# Merchant services



## tiffhlove (May 10, 2006)

Hello all,

Please forgive me if I should have posted this thread elsewhere but I really did not know where to put it. I am in the process of researching how much it would cost to be able to accept credit cards and electronic checks but once again I am clueless as to what to look for and what is considered a competitive cost or not. Can anyone give me any advice on this and who they recommend? How much should I be paying a month for it to be considered a good deal? Is it fairly easy to understand how everything works once I get it setup. Any advice on any detail you may have would be great.

Thanks members


----------



## tcrowder (Apr 27, 2006)

Use paypal.com to start out with. If you do enough business to justify your own CC service then you can easily upgrade later.


----------



## RAHchills (Aug 28, 2005)

This breaks it down pretty well:

http://money.howstuffworks.com/online-biz-do-it2.htm


----------



## Rodney (Nov 3, 2004)

I use e-onlinedata for my merchant account. 

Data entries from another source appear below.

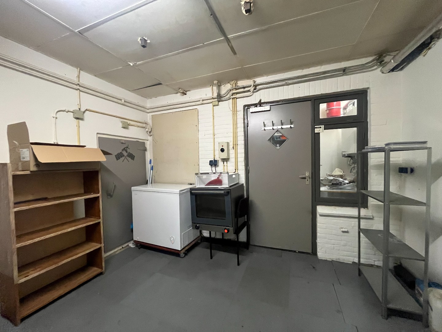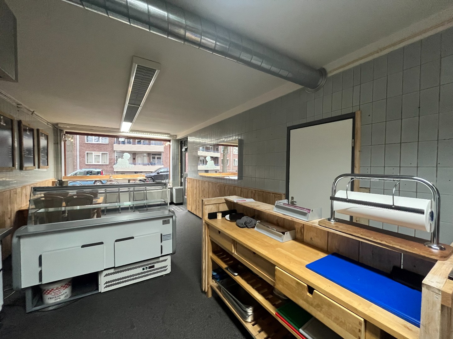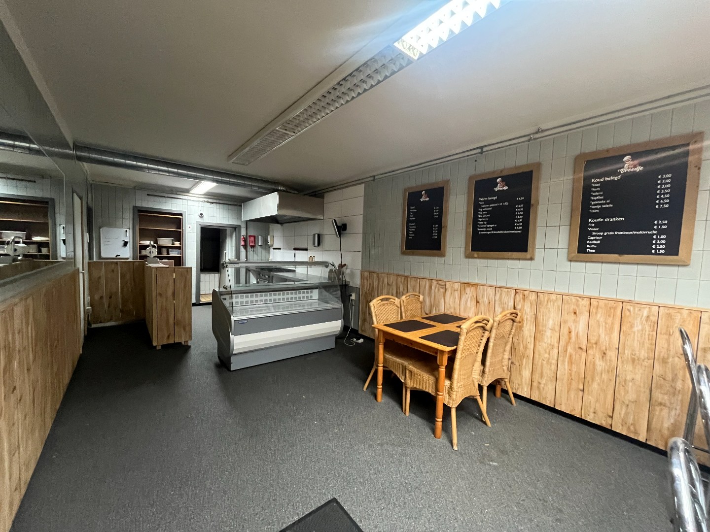 - Verdeling: Verkoopruimte/front office, keuken/werkruimte en opslag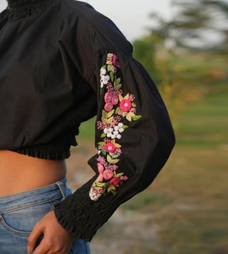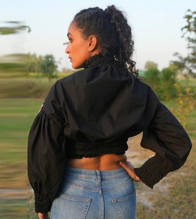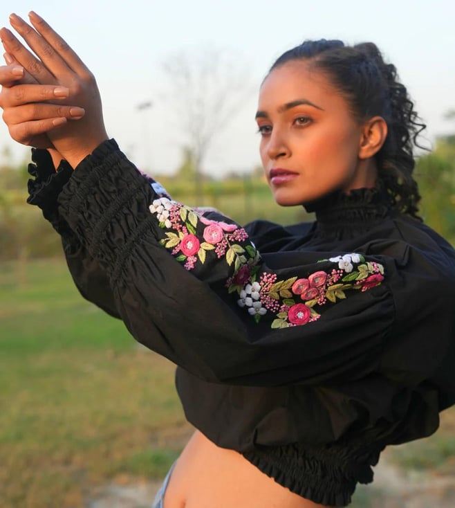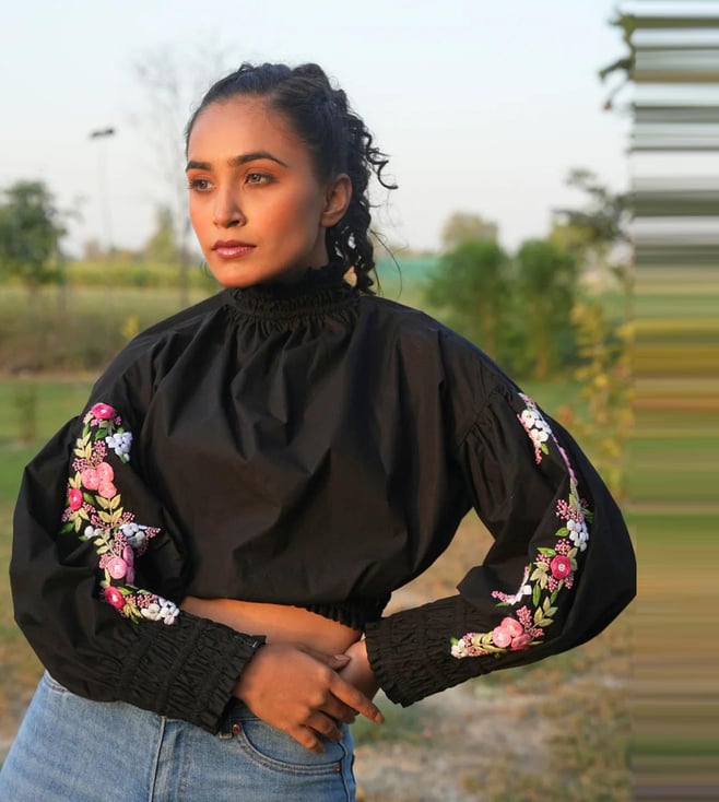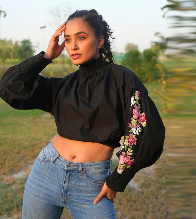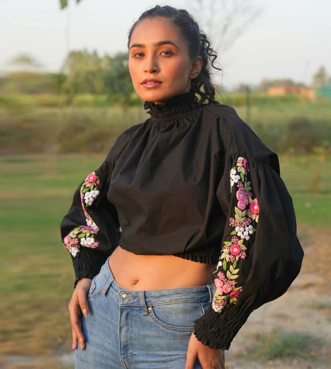 She is the high-neck crop top that's perfect for any occasion. Made with comfortable cotton and featuring unique embroidery on the sleeves, this top is stylish and versatile for both parties and casual wear.
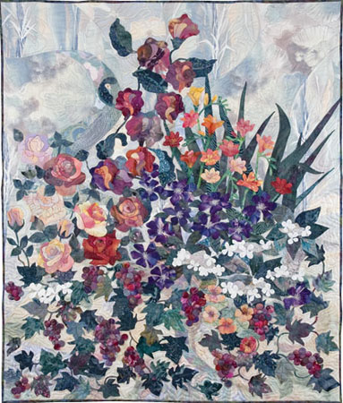 42 x 40 inches Machine pieced, hand appliquéd and machine quilted This quilt, which is predominantly hand appliquéd, was started as a portable project to take with me when I travel. I just kept adding different types of flowers as the spirit moved me. I worked on it for four or five years. |

I also use linkpointcentral/Card Services International, but if you're considering a regular merchant account, I would suggest one that uses the authorizenet payment gateway since so many shopping carts and programs are preconfigured to work with it.

The page that Chris linked to also has some good info.

Make sure you aren't locked into any long term contract to use their services. Don't pay over $100 for a setup fee.


----------